Berdasarkan latar belakang masalah penelitian yang telah diuraikan, maka masalah penelitian ini di rumuskan sebagai berikut : Bagaimana Respon Mahasiswa Fakultas Ilmu Sosial dan Ilmu Politik Terhadap Program Uang Kuliah Tunggal (UKT)? I.3. Tujuan dan Manfaat Penelitian I.3.1. Tujuan Penelitian Tujuan penelitian ini adalah : 1. Untuk menganalisis sistem Program Uang Kuliah tunggal (UKT). 2. Untuk menganalisis Respon Mahasiswa Fakultas Ilmu Sosial dan Ilmu Politik Terhadap Program Uang Kuliah Tunggal (UKT). I.3.2. Manfaat penelitian Adapun yang menjadi manfaat dari penelitian ini adalah : 1. Secara teoritis, penelitian ini diharapkan mampu mengembangkan dan menambah khazanah keilmuan dalam bidang kesejahteraan sosial khususnya yang berkaitan tentang pendidikan. 2. Secara akademik, penelitian ini diharapkan mampu memberikan masukan secara akademik dan menjadi referensi tambahan dalam kajian keilmuan kesejahteraan sosial khususnya dalam bidang pendidikan. 3. Secara praktis, penelitian ini diharapan mampu menyumbangkan beberapa masukan dan saran dalam mengembangkan metode dan sistem pendidikan yang efektif khususnya bagi instansi instansi pendidikan.

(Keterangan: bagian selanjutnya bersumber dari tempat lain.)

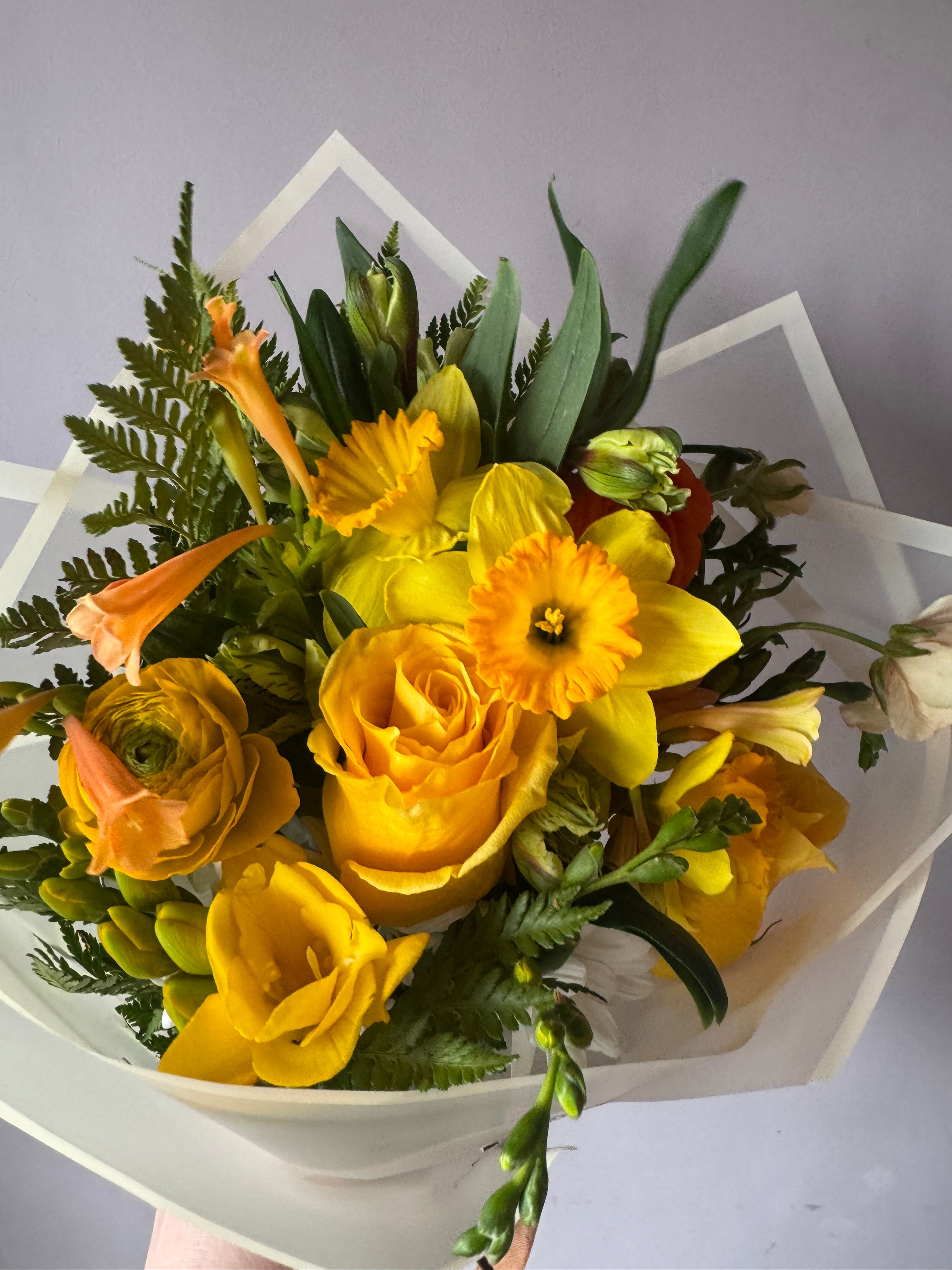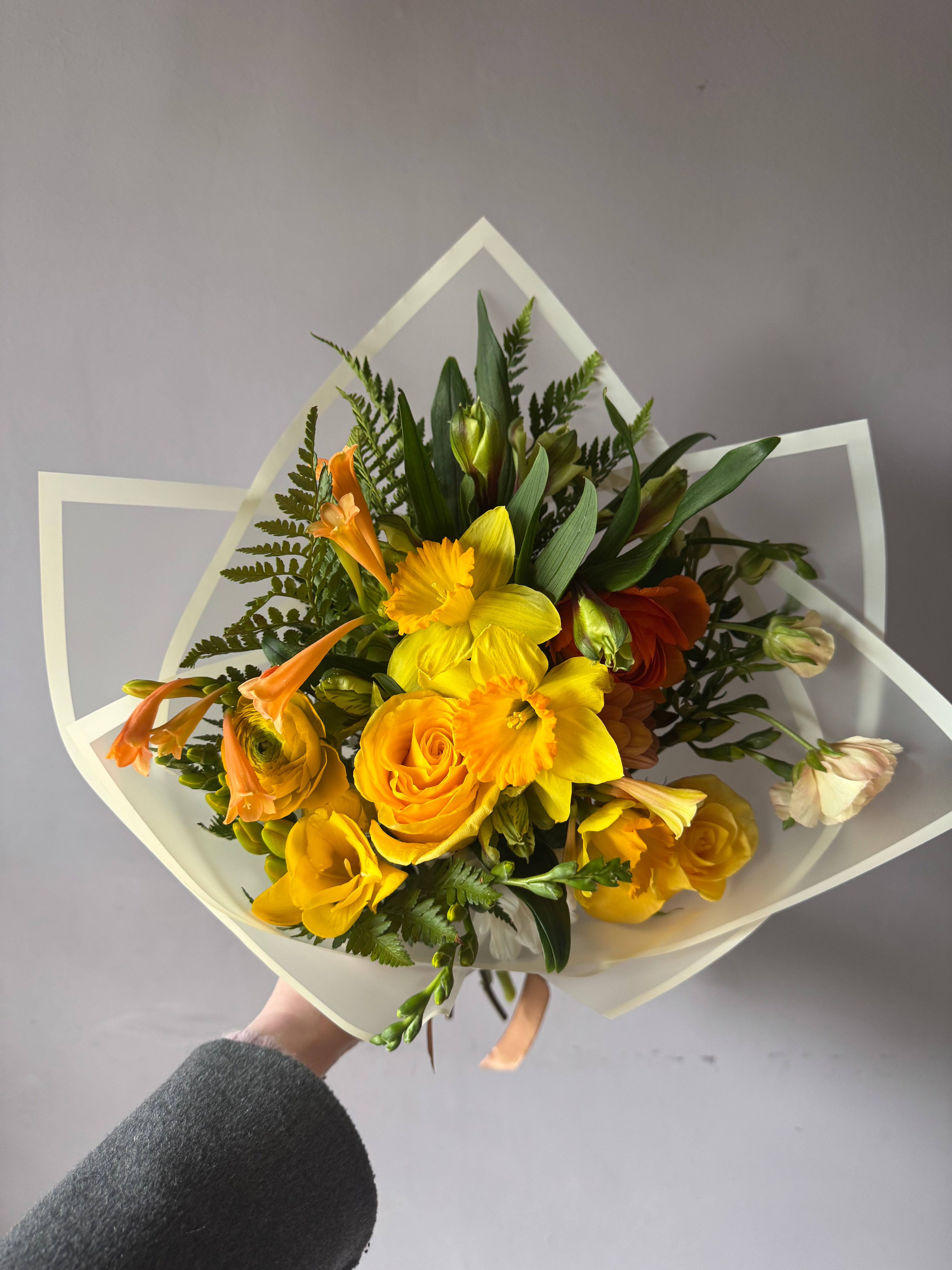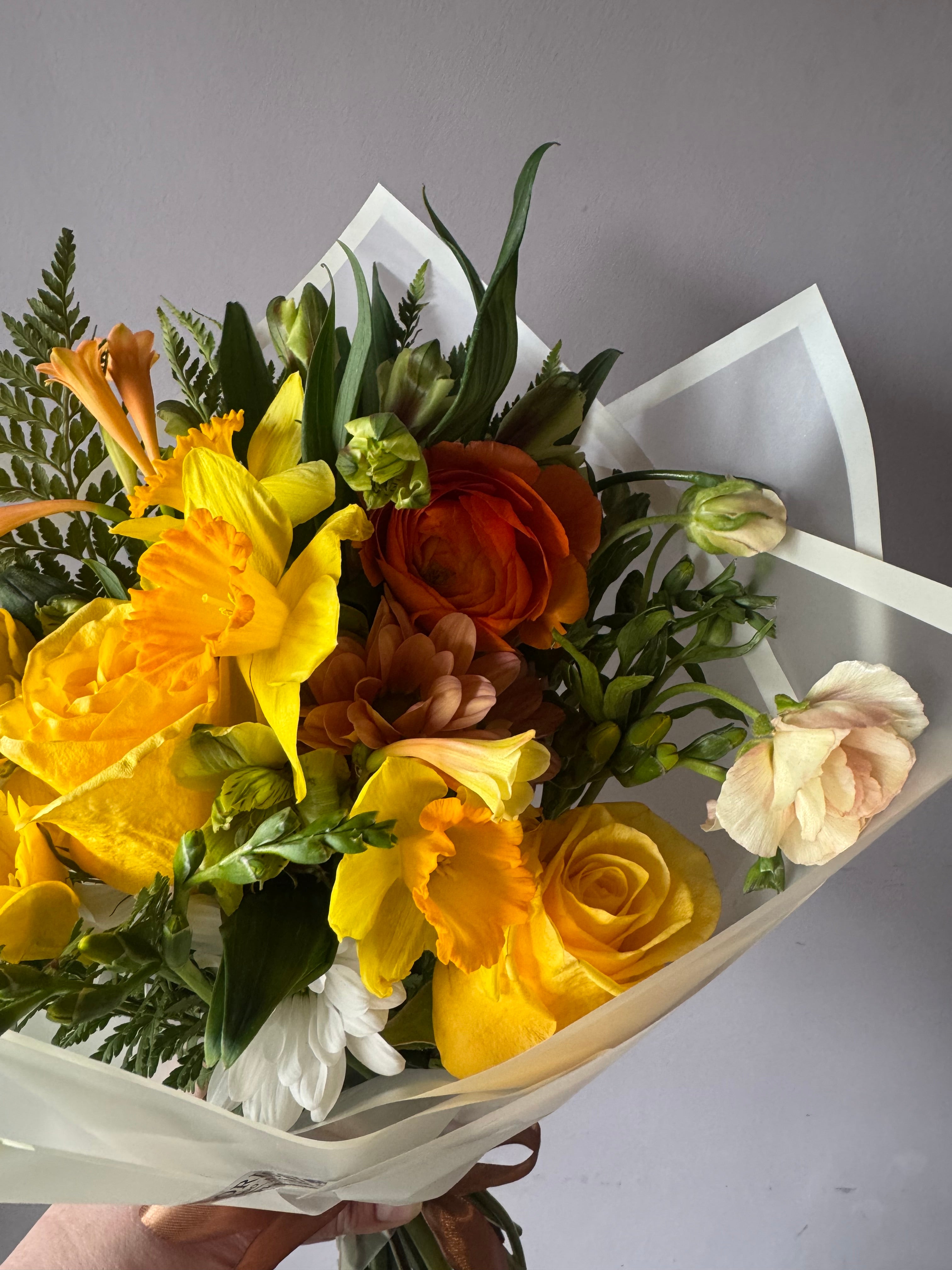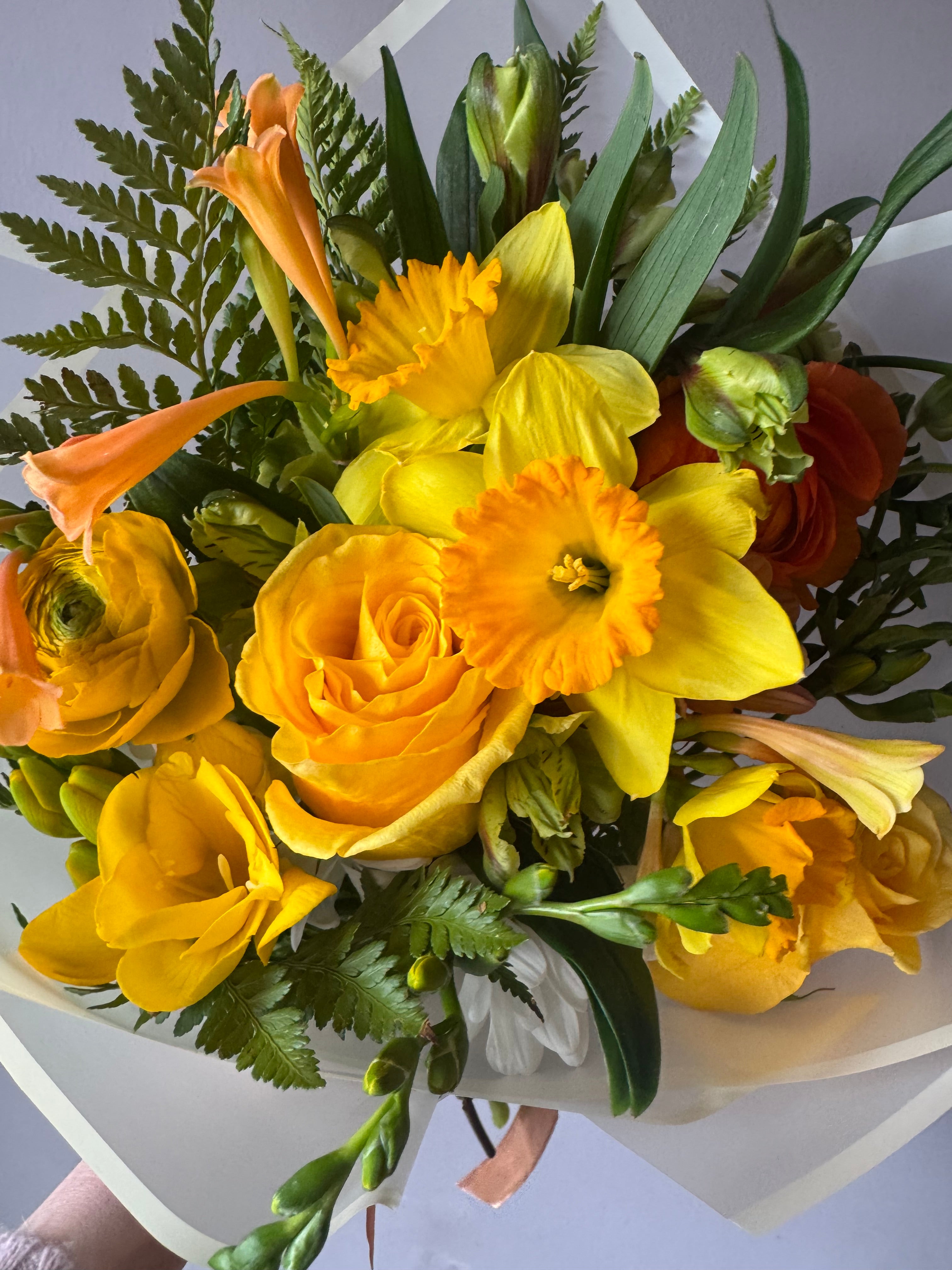 Un ramo mediano de temporada corta en tonos amarillos con narcisos, ranúnculos, ranúnculos butterfly y cyranthus amarillos. Nuestros ramos del día son preciosos y llenos de color y alegría. Elige la tonalidad que más te gusta y recibelo en tu casa

I.4. Sistematika Penulisan Untuk memudahkan memahami dan mengetahui isi yang terkandung dalam skripsi ini, maka diperlukan sistematika penulisan. Sistematika penulisan skripsi ini meliputi : BAB I : Pendahuluan Bab ini berisikan latar belakang masalah, perumusan masalah, tujuan dan manfaat penelitian serta sistematika penulisan. BAB II : Tinjauan Pustaka Bab ini berisikan uraian dan konsep yang berkaitan dengan Masalah dan objek yang di teliti, kerangka pemikiran, definisi konsep dan definisi operasional. BAB III : Metode penelitian Bab ini berisikan tipe penelitian, lokasi penelitian, populasi, teknik pengumpulan data, serta teknik analisis data. BAB IV : Deskripsi Lokasi Penelitian Bab ini berisikan sejarah singkat gambaran umum lokasi Penelitian dan data-data lain yang turut pemperkaya karya ilmiah ini. BAB V : Analisis Data Bab ini berisikan uraian data yang diperoleh dari hasil penelitian beserta dengan analisisnya. BAB VI : Penutup
Bab ini berisikan kesimpulan dan saran yang bermanfaat sehubungan dengan penelitian yang akan dilakukan.